Read the content of a project file. Use offset and limit to read a specific range of lines, returning line-numbered output for precise editing with patch_file.

Instructions

Read the content of a project file.

Pass offset/limit to read a range of lines — useful for large files where the whole file would blow the context window. When either is set, the response includes cat -n style line-numbered content so subsequent patch_file calls can reference exact line numbers.

Input Schema

TableJSON Schema
NameRequiredDescriptionDefault
project_idYesProject ID (e.g. proj_a8Kq7fR2xZ)
pathYesFile path relative to project root
offsetNoStarting line number (1-indexed). Omit to read from start.
limitNoMax number of lines to return. Omit to read to end.
Behavior4/5

Does the description disclose side effects, auth requirements, rate limits, or destructive behavior?

Annotations already declare readOnlyHint=true. Description adds value by explaining offset/limit behavior and cross-reference to patch_file. Does not disclose rate limits or file size limits, but adequate for a read-only tool.

Agents need to know what a tool does to the world before calling it. Descriptions should go beyond structured annotations to explain consequences.

Conciseness5/5

Is the description appropriately sized, front-loaded, and free of redundancy?

Two clear paragraphs: first defining purpose, second explaining advanced usage. Front-loaded, no fluff.

Shorter descriptions cost fewer tokens and are easier for agents to parse. Every sentence should earn its place.

Completeness4/5

Given the tool's complexity, does the description cover enough for an agent to succeed on first attempt?

With no output schema, description explains that line-numbered content is returned when offset/limit are used. However, it doesn't confirm the return format for full file reads. Still complete enough for a simple read tool.

Complex tools with many parameters or behaviors need more documentation. Simple tools need less. This dimension scales expectations accordingly.

Parameters3/5

Does the description clarify parameter syntax, constraints, interactions, or defaults beyond what the schema provides?

Schema already fully describes parameters (100% coverage). Description adds meaning about offset/limit being 1-indexed and omitting them meaning read from start/to end, but this is already inferable from schema descriptions.

Input schemas describe structure but not intent.
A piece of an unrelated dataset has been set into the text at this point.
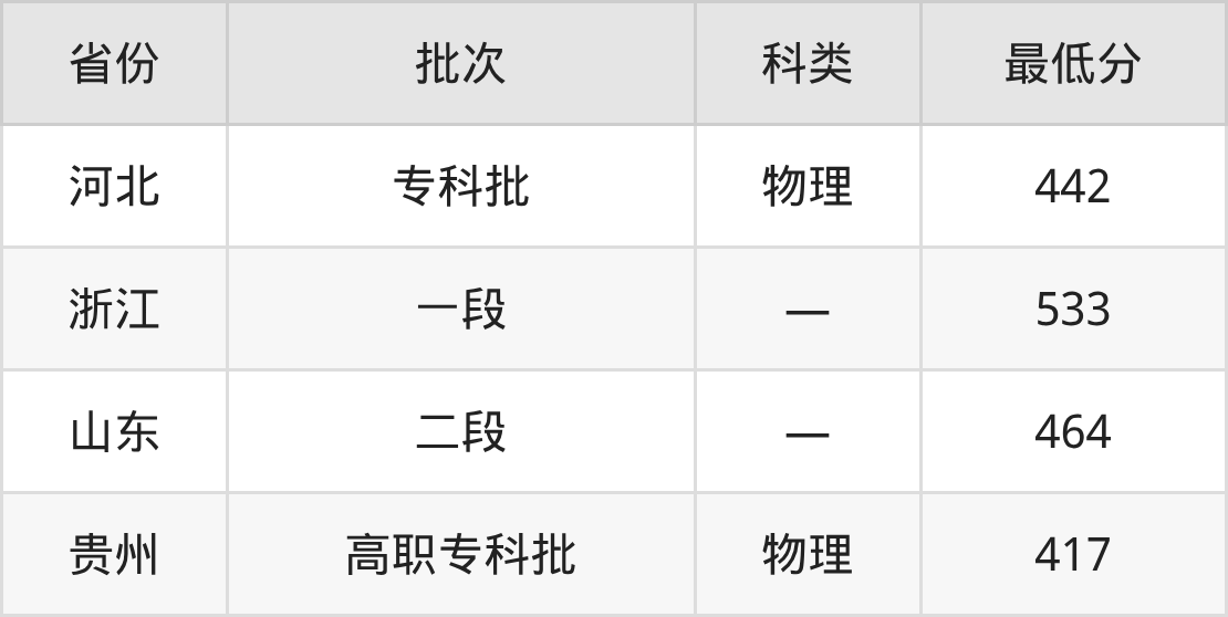 汉江师范学院大数据与会计专业在全国各省最低录取分数线为417分(贵州物理类),除此之外,在其余地区的最低分为河北物理类442分、浙江533分、山东464分,以上数据均为2025年数据,供2026年高考生参考。
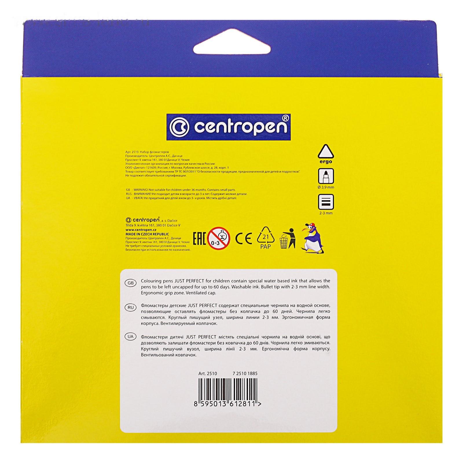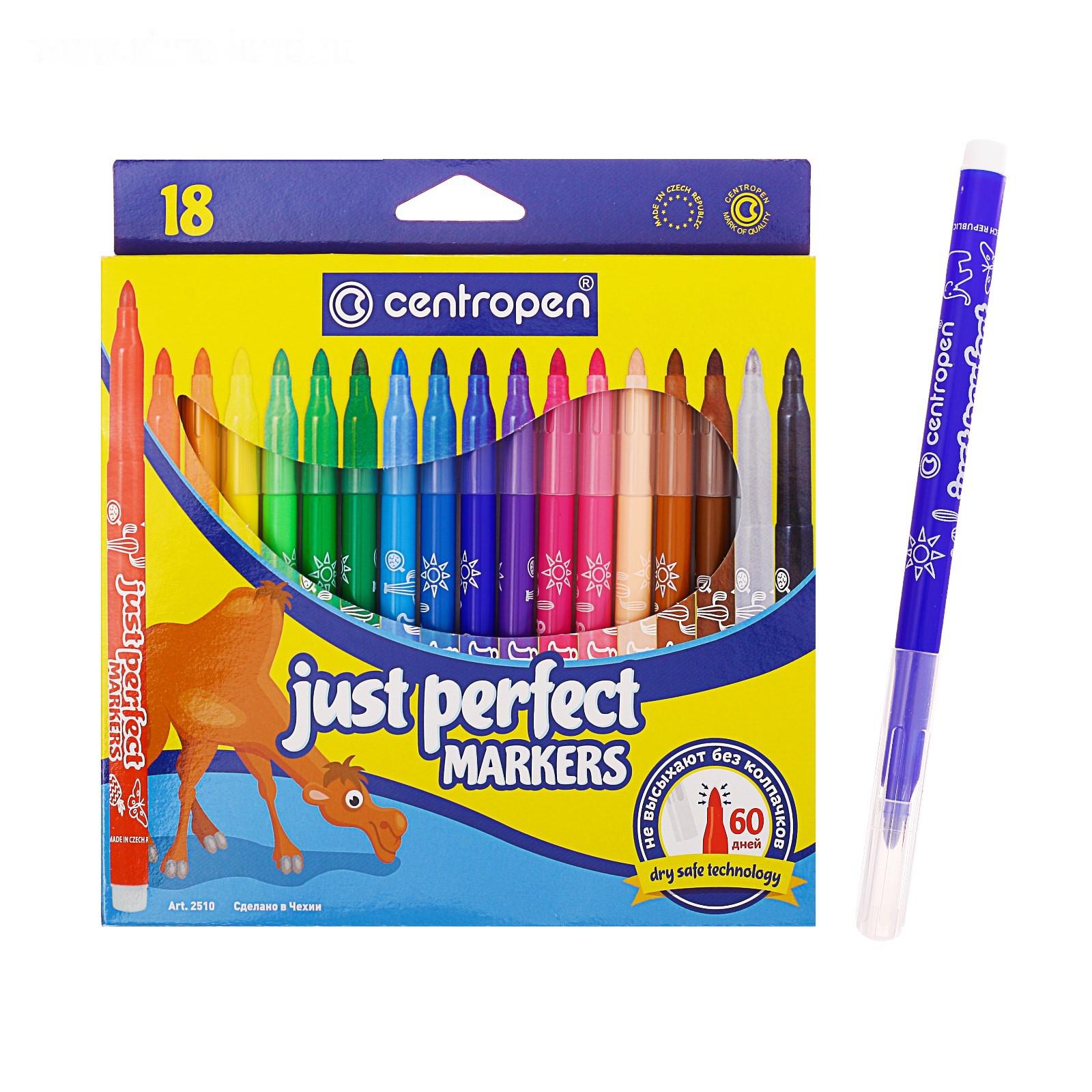 Фломастеры 18 цветов 3.9 мм Centropen 2510 Perfect, невысыхаемые, картонная упаковка, европодвес 2468411

Descriptions should explain non-obvious parameter relationships and valid value ranges.

Purpose4/5

Does the description clearly state what the tool does and how it differs from similar tools?
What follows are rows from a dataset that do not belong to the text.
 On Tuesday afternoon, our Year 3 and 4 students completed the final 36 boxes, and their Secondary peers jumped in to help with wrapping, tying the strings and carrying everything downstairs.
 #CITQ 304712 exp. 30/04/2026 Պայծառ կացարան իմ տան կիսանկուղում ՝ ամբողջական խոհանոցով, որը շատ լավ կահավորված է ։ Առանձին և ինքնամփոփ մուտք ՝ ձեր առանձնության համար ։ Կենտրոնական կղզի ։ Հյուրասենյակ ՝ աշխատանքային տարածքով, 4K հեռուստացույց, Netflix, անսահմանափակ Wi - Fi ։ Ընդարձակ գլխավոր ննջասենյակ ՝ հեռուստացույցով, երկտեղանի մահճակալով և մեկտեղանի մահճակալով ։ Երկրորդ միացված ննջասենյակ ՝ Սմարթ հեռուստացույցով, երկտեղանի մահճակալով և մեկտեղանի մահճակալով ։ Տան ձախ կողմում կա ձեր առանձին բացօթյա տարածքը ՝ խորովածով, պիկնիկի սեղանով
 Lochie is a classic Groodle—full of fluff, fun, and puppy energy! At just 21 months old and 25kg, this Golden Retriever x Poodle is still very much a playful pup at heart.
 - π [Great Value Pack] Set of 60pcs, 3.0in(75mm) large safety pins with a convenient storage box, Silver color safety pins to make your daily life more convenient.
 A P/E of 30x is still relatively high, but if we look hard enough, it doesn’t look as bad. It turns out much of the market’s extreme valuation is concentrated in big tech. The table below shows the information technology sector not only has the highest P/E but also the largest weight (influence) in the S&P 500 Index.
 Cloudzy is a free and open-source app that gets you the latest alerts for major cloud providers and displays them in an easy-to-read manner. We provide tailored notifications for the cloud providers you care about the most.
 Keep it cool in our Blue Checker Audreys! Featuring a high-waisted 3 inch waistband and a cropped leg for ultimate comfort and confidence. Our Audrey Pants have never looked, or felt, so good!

Describes reading file content, specifying project_id and path, which is clear. However, with siblings like list_files and grep, it doesn't explicitly distinguish its purpose from them (e.g., single-file full content vs. listing or searching).
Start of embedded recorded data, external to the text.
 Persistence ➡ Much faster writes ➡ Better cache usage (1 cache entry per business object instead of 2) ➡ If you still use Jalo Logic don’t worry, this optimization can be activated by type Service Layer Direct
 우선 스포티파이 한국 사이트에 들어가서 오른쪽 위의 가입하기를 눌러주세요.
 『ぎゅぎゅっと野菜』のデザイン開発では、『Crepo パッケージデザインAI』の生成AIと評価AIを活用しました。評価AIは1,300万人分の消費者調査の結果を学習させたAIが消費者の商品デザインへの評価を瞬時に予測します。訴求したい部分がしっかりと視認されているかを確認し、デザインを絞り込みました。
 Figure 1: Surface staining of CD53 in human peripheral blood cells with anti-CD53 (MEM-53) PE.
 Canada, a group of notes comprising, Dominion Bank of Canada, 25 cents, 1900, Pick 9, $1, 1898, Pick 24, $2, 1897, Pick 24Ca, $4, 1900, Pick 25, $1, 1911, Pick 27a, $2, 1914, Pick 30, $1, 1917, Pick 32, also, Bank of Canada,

Agents choose between tools based on descriptions. A clear purpose with a specific verb and resource helps agents select the right tool.

Usage Guidelines5/5

Does the description explain when to use this tool, when not to, or what alternatives exist?

Explicitly explains when to use offset/limit (to avoid large files blowing context), and mentions that line-numbered output aids subsequent patch_file calls. This provides clear context-aware guidance.

Agents often have multiple tools that could apply. Explicit usage guidance like "use X instead of Y when Z" prevents misuse.